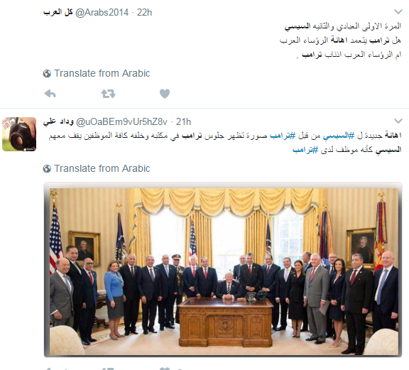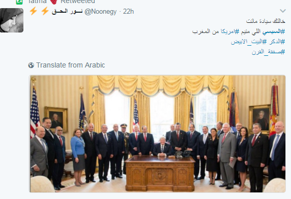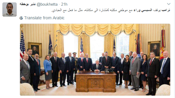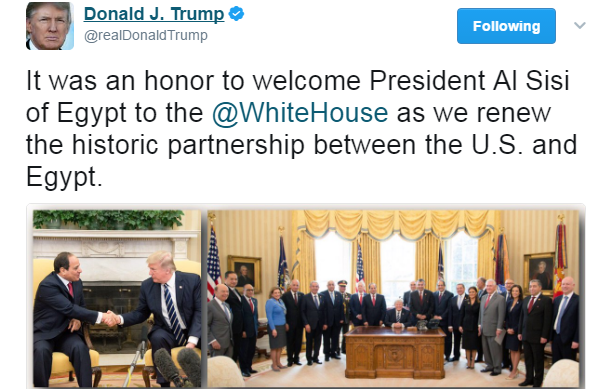 تداول رواد مواقع التواصل الاجتماعي صورة نشرها الرئيس الأميركي دونالد ترامب عبر حسابه بموقع التدوين العالمي “تويتر” من داخل البيت الأبيض، ظهر فيها عبدالفتاح السيسي يقف خلفه مثل باقي الحضور، بينما يجلس ترامب أمامهم؛ الأمر الذي اعتبروه “إهانة لمصر”.
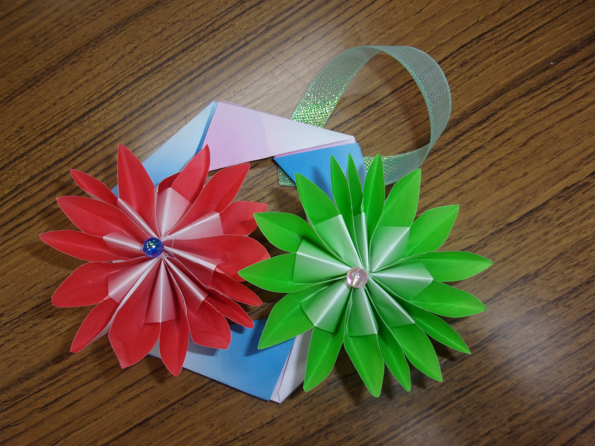 1枚の折り方は簡単ですが、合わせる事によって綺麗な花になりますね(^^♪
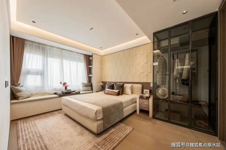 酒店式主卧套房,搭配大尺寸的衣橱、独立卫浴,且实现衣柜自由,将主人的尊享感直接拉满。

TASK BRIEF
All of the data above should be printed again exactly, though none of the pictures belong in the copy.

SOLUTION BELOW
 تداول رواد مواقع التواصل الاجتماعي صورة نشرها الرئيس الأميركي دونالد ترامب عبر حسابه بموقع التدوين العالمي “تويتر” من داخل البيت الأبيض، ظهر فيها عبدالفتاح السيسي يقف خلفه مثل باقي الحضور، بينما يجلس ترامب أمامهم؛ الأمر الذي اعتبروه “إهانة لمصر”.
 1枚の折り方は簡単ですが、合わせる事によって綺麗な花になりますね(^^♪
 酒店式主卧套房,搭配大尺寸的衣橱、独立卫浴,且实现衣柜自由,将主人的尊享感直接拉满。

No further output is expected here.